While 45% of core stock funds have no manager investment, only 23% of core-stock fund assets are in funds with no manager investment. And while only 13% of core-stock funds have at least one manager with $1 million invested, 47% of core-stock fund assets are in such funds, Kathman explains.
“This reflects the fact that lots of small funds don't report any manager investment, while many of the biggest funds, such as American Funds Growth Fund of America (AGTHX) have managers with substantial skin in the game,” he said.
The pattern is similar with core bond funds.

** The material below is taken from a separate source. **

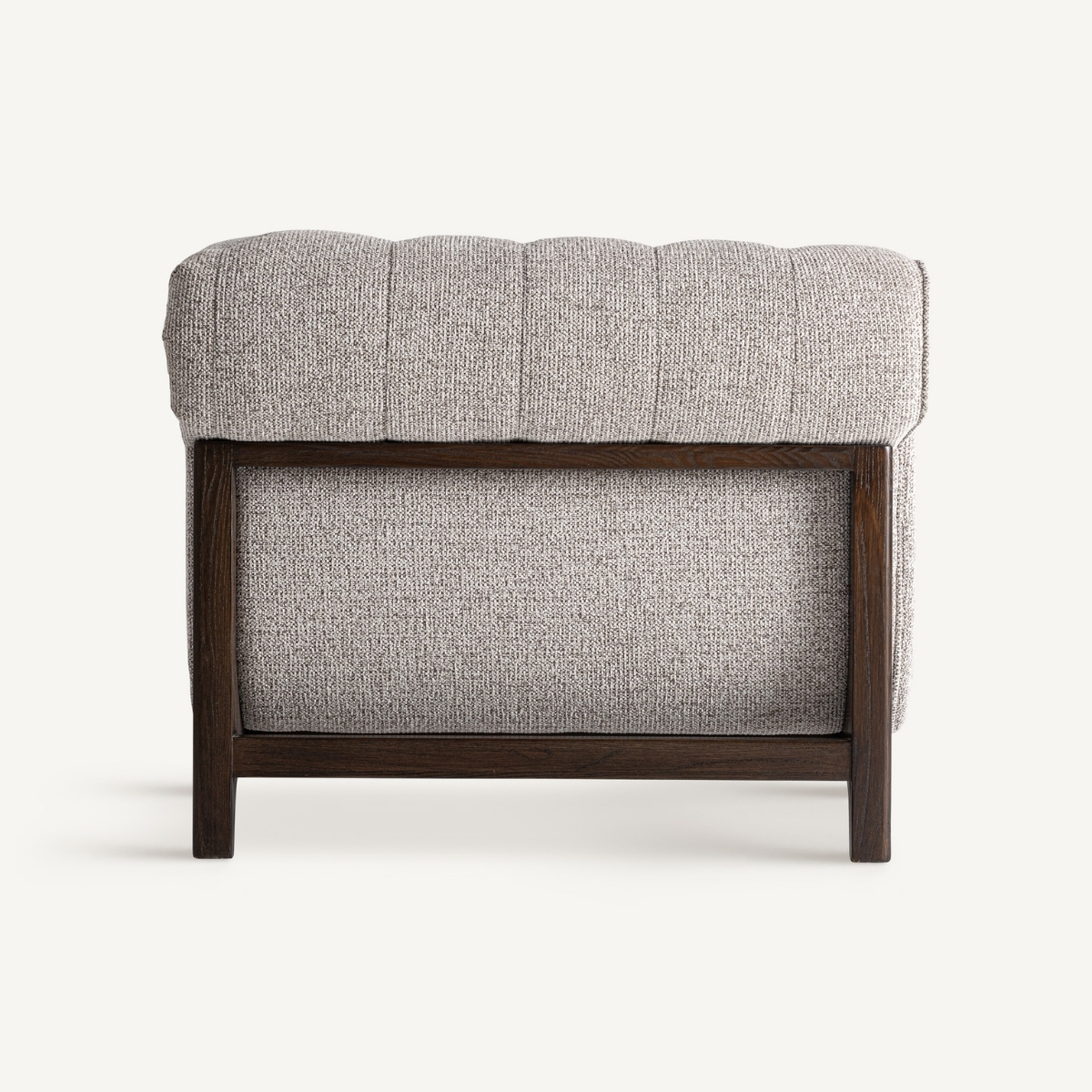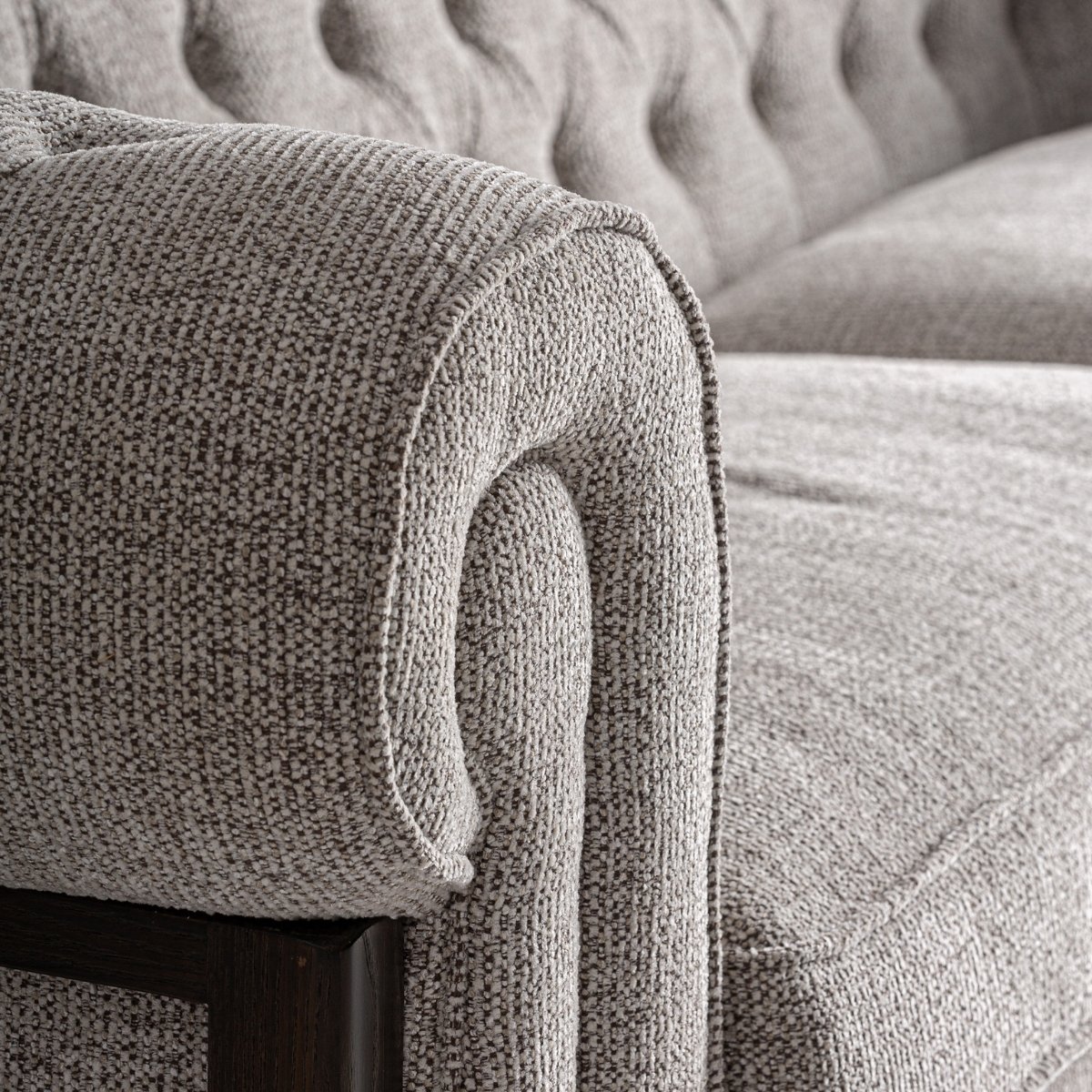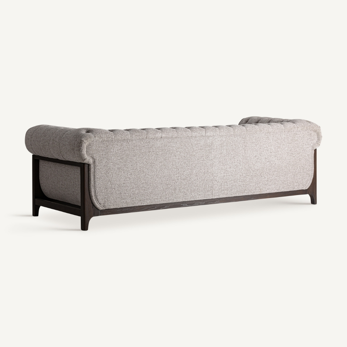Canapé Chesterfield bois de frêne et tissu gris capitonné ALAN

Morningstar also looked to see if high manager investment is correlated with better fund performance. It found that the average three-year percentile ranking of core stock funds with zero manager ownership is 50, right around the category median, while those in the $1 million-plus band have an average three-year ranking of 38 -- which significantly better than the median, according to Kathman.
“It's a similar story with the Morningstar Rating for funds, which measure a fund's risk-adjusted returns relative to its category,” he said.
“The chart for core-stock funds is especially striking. Here, the average fund with no manager investment has 2.93 stars, and that number rises steadily until the group with ownership greater than $1 million, which has an average star rating of 3.5,” Kathman wrote in his analysis. “Core bond funds show a similar trend.”
Correlation Is Not Causation
While it’s possible that high manager investment contributes to better fund performance, it’s also likely that managers invest more in funds that already have good track records, the analyst point out.
“In the absence of fuller historical data, it's hard to determine cause and effect, and unfortunately the data don't go back far enough to provide meaningful conclusions,” he shared.
In addition, though, Morningstar found a significant positive correlation between manager investment and manager tenure. Among core stock funds with no manager investment, the average manager tenure is 4.7 years, but among core-stock funds whose managers have invested more than $1 million, the average tenure is 12.1 years.
Finally, it looks as though price (or expense) is not a particularly important driver in determining how much money managers invest in their own funds, Morningstar concludes.